Winter is wind, snow, and freeze-thaw. The Avalon Peninsula gets the full force of Atlantic storms and hurricane remnants from August through October. Snow load builds, then a winter thaw lets meltwater into ice dam ridges along the eaves. Houses in Corner Brook and on the south coast see this pattern every winter.
A solar attic fan handles both jobs. It pulls humid air out before it can condense and feed rot, and it moves the summer heat the deck does manage to absorb.
What we install
One 30W solar attic fan with the panel built into the housing and corrosion-resistant aluminum housing that lives well in salt air. The installer mounts it on the back slope where it stays hidden from the street and sheltered from the prevailing wind, cuts a clean opening, flashes it hard for Nor'easter wind-driven rain, runs a humidistat, and ties it off with stainless hardware. Professional install in a single visit. No electrician, no new circuit, no operating cost added to your bill.
What you'll save
The average Newfoundland and Labrador home uses about 14,500 kWh per year because electric baseboard heat is the dominant heating system. A typical summer power bill in St. John's sits near $130. Owners who install a solar attic fan usually see an 8 to 15 percent drop in summer cooling cost (per U.S. Department of Energy residential cooling-load guidance), but the real payoff here is avoided rot and avoided mold remediation, which runs $4,000 to $10,000 on the Avalon.

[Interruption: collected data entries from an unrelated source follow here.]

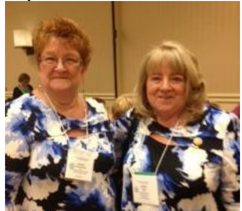
Twins?? How uncanny that these two lovely ladies wore the same dress!
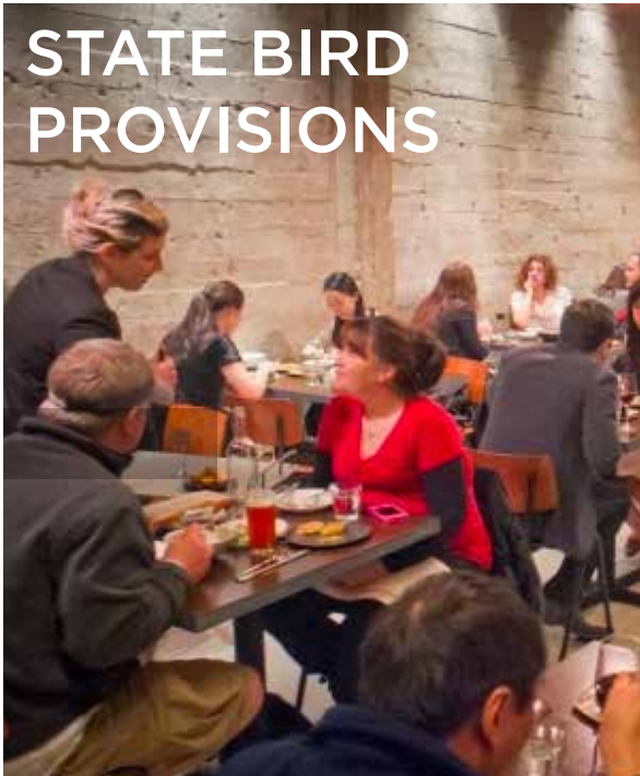
STATE BIRD PROVISIONS
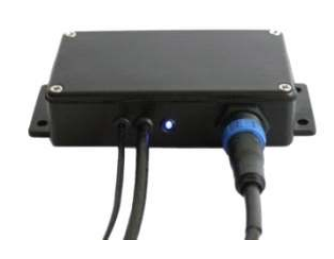
BLK-BOX<sup>†</sup> Black Box data converter outputs analogue and SDI-12 serial data for stand-alone AquaPlus™ and Aquaprobe™ use
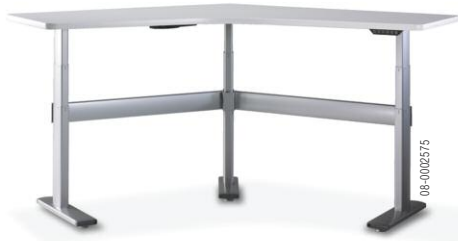
Series 7 120°, standing height
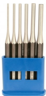
P365 Pin Punch Set - 6 Piece
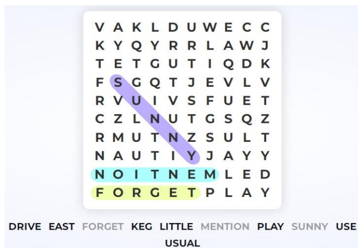
Figure 3 - An example of a Word Search puzzle

– Weaver is a game that has two words (usually consisting of 4 letters). The player needs to transform one word into another by slowly changing letters one by one.
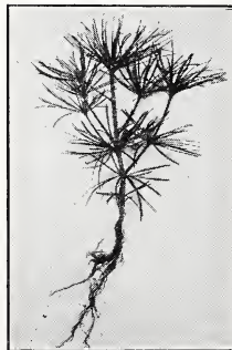
Sciadopitys 8 to 10 in. XX
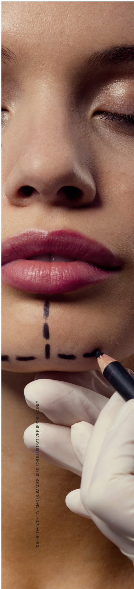
IMAGES USED FOR ILLUSTRATIVE PURPOSES ONLY
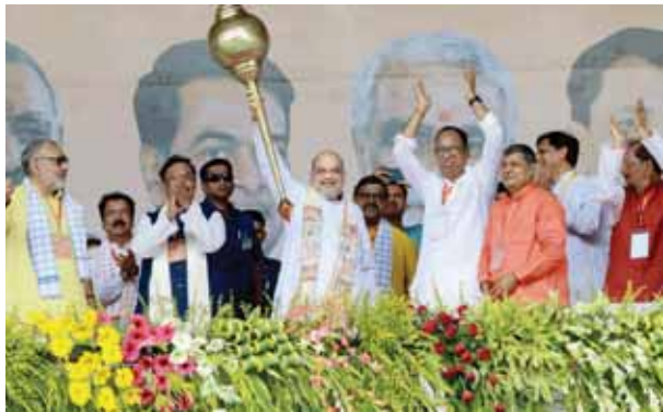
Union Home Minister Amit Shah during BJP's 'Jan Bhavna' rally, in Purnea on Friday

He, however, refrained from joining issue with the contention of Kumar's JD(U)
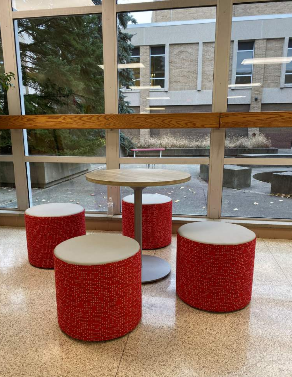
VARIETY OF FURNITURE
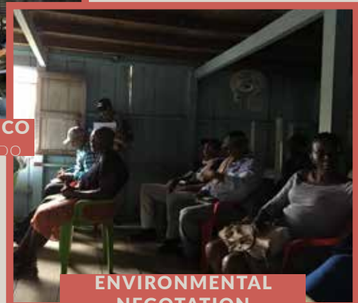
ENVIRONMENTAL NEGOTIATION
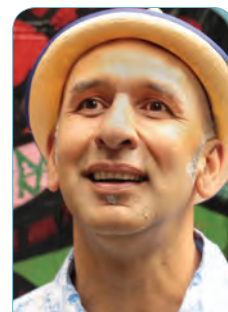
Gilbert Rocheuste Village Well
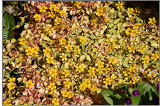
Molten Lava Shamrock in bloom
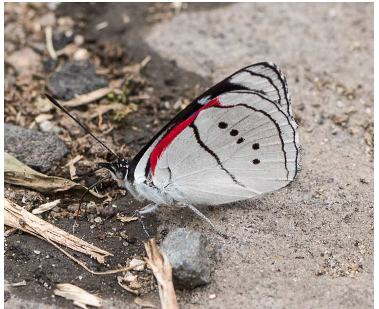
Top: Blue-Spotted Pericloud (underside and upperside)
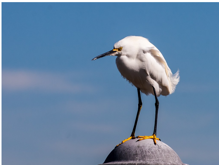
On the Water Pump
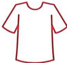
Clothes & shoes
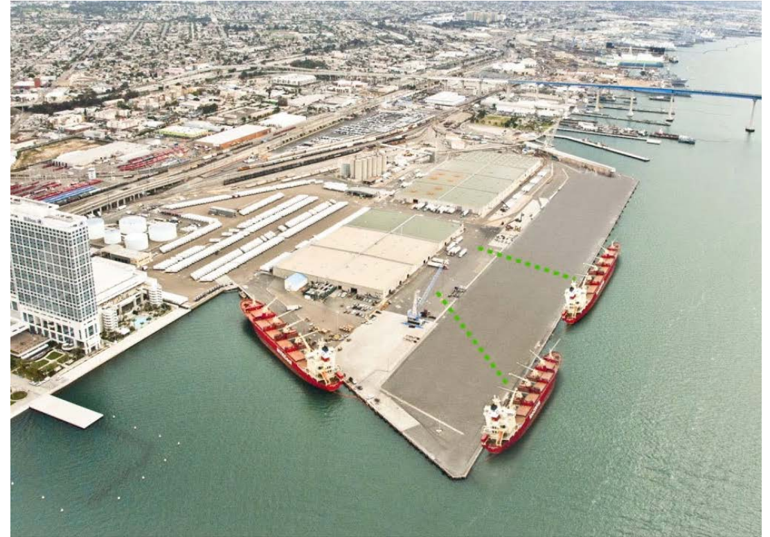
Projected outlook after demolition of transit shed 2 in August 2020
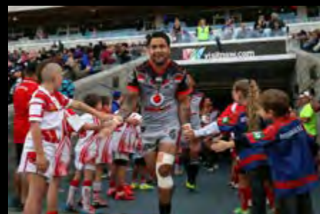
Issac Luke runs out for his 200th NRL game.
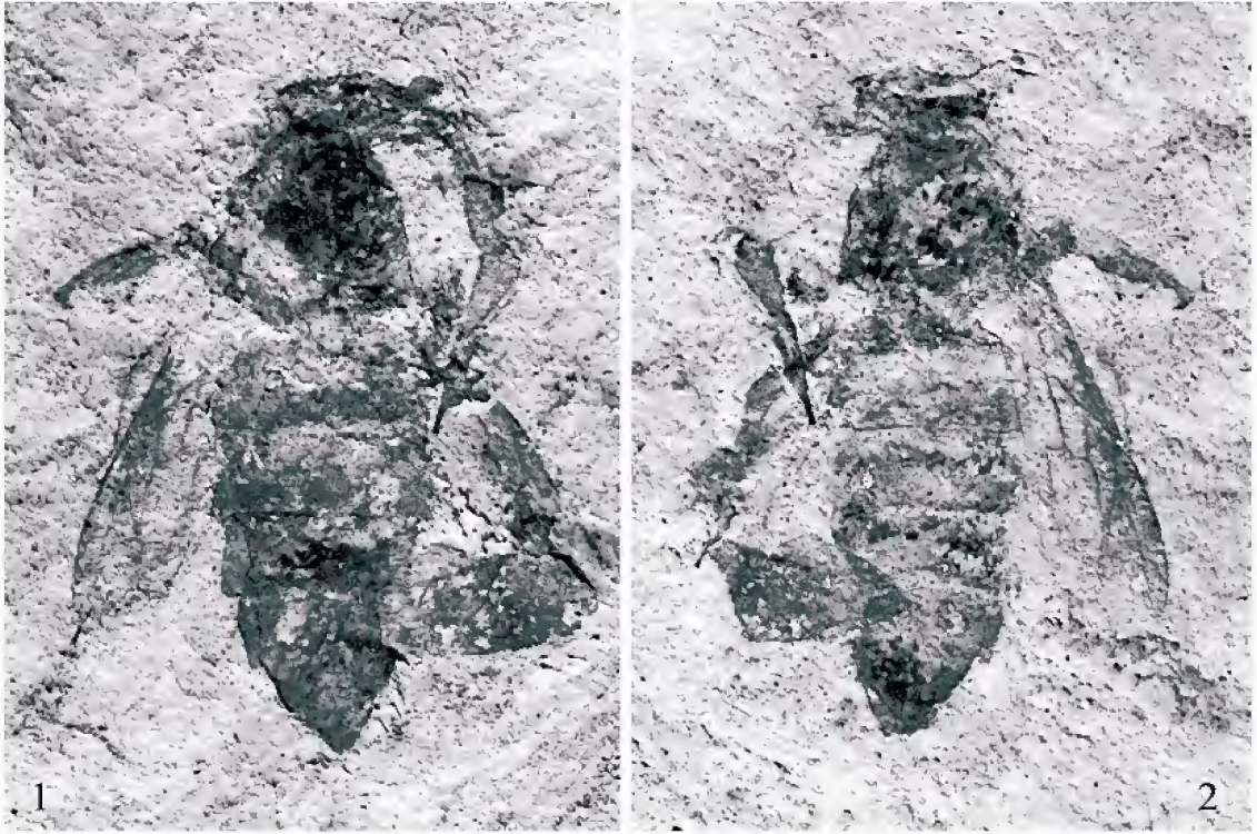
Figs. 1–2. Photomicrographs of Apis lithohermaea n.sp., holotype. 1. Part. 2. Counterpart.

rows, bristle rows, or pollen brush rows) ( A. dorsata , with its longer metabasitarsus, has 12–14 postauricular pectens; this species is intriguing in that it combines a relatively elongate metabasitarsus with the plesiomorphic condition of fewer pectens; 8–9 pectens is the usual condition for species of the mellifera and florea groups). Metasomal segments typical for bees of the dorsata group in observable characters (e.g., proportions of segments).
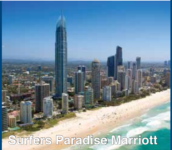
Surfers Paradise Marriott
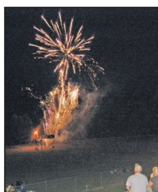
Fireworks over Suches dazzled in 2013

The 30 percent U.S. federal Residential Clean Energy Credit does not apply in Canada. Check takeCHARGE, the joint Newfoundland Power and Newfoundland and Labrador Hydro program, for current insulation and ventilation rebates.
Installed by Newfoundland authorized installers
St. John's building stock leans on 1800s and 1900s row houses around Jellybean Row and Quidi Vidi, postwar bungalows across Mount Pearl and Paradise, and newer builds in Conception Bay South. Most older homes have venting that predates modern insulation. Heritage rules across downtown St. John's and Old Mount Pearl can restrict street-facing roof equipment, and back-slope mounting clears them. You pick a date, the installer shows up, and your attic stops holding water.